10 Ekim Gar Katliamı’nın dava sürecine de değinen Gülistan Kılıç Koçyiğit, “104 insanın katledildiği bu ülkenin yurttaşlarının katliamının sonucunda ‘insanlığa karşı suç’ diye nitelendirilmedi, hâlihazırda cezasızlık. O IŞİD’ciler nerede? Şimdi, HTŞ bakanı olarak Suriye’de bakan koltuğuna oturuyor; itiraz ettiğimiz budur. Bugün gerçek bir barış, gerçek bir adalet, gerçek bir demokrasi, gerçek bir eşitlik istiyorsak geçmişle yüzleşeceğiz, üstünü örtmeyeceğiz, yüzleşeceğiz; kim yanlış yapmış, kim eksik yapmışsa onu açığa çıkaracağız, ondan sonra yepyeni bir yol, yepyeni bir sayfa açacağız. Acılar daha çok taze, yarın biz Ankara Garı’nın orada olacağız; buyursunlar, yasımız ortaksa gelin, hep beraber orada 104 canımız için saygı duruşunda bulunalım, karanfil koyalım. O zaman yasımız da acımız da ortak olur, geleceğimizi de beraber örme fırsatımız olur” dedi.

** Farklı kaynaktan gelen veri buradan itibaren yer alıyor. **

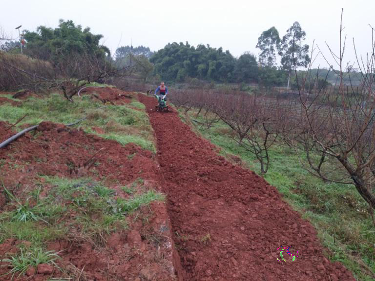 手扶小型旋耕机作业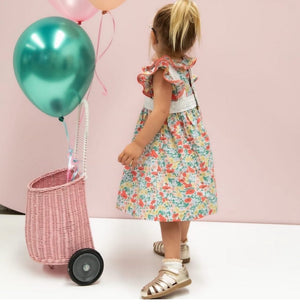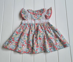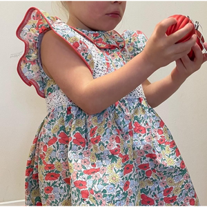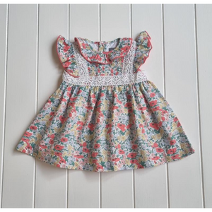This divine dress from Smox Rox features ruffle sleeve and neck, with pin tuck front,edged in pinafore style back and front lace. Watermelon buttons.

Konuşmasının ardından devam eden tartışmalara ilişkin bir kez daha söz isteyen Gülistan Kılıç Koçyiğit, “Şimdi şunu söyleyelim açık ve net bir şekilde: Biz sonuçta devletle ilgili bir sorundan değil, bir sistem sorunundan ve o sistemin başında olan iktidardan bahsediyoruz. Şimdi, açık delilleriyle bir hakikat ortaya koyuyoruz; MİT istihbarat raporu var mı? var! İstihbarat raporu değerlendirilmiş mi? Hayır! Güvenlik önlemi alınmış mı? Hayır! Ortalıkta hiç polis var mı? Hayır! Sonradan katliamı olduktan sonra ortalığa polis doluyor mu? Evet! Polis gözlemcileri, orada yaralananları hastaneye taşımak yerine, ambulansların yolunu açmak yerine ambulansların yolunu kapatıp biber gazı sıkıyor mu? Evet! Tek bir kamu görevlisinin yargılanmasına izin verilmiş mi? Hayır! Peki, buradan kimi sorumlu tutalım? Şimdi, ülkeyi IŞİD yönetiyorsa tamam, eyvallah, biz IŞİD’i suçlayalım. Ülkeyi IŞİD yönetmediğine göre tabii ki biz kimi eleştireceğiz? İktidarı eleştireceğiz. Niye eleştiriyoruz; Çünkü sonuçta birinci asli sorumluluk bu ülkedeki yurttaşın can güvenliğini, mal güvenliğini korumaktır. Bu can güvenliğini sağlama görevini iktidar yapmamıştır, iktidar bu katliama göz yummuştur. Bizzat belki vekili göz yummamıştır ama mekanizmayı işletmemiştir, istihbarat raporunu değerlendirmemiştir, polisi görevlendirmemiştir, kamu görevlisini yargılamamıştır ve insanlığa karşı bir suçu aklama görevini yargıya vermiştir. Bunu tabii ki eleştireceğiz; 104 insan ya, testiden, tavuktan bahsetmiyoruz, 104 candan bahsediyoruz. Tabii ki bunu söyleyeceğiz yani bunu da mı söylemeyelim” ifadelerini kullandı.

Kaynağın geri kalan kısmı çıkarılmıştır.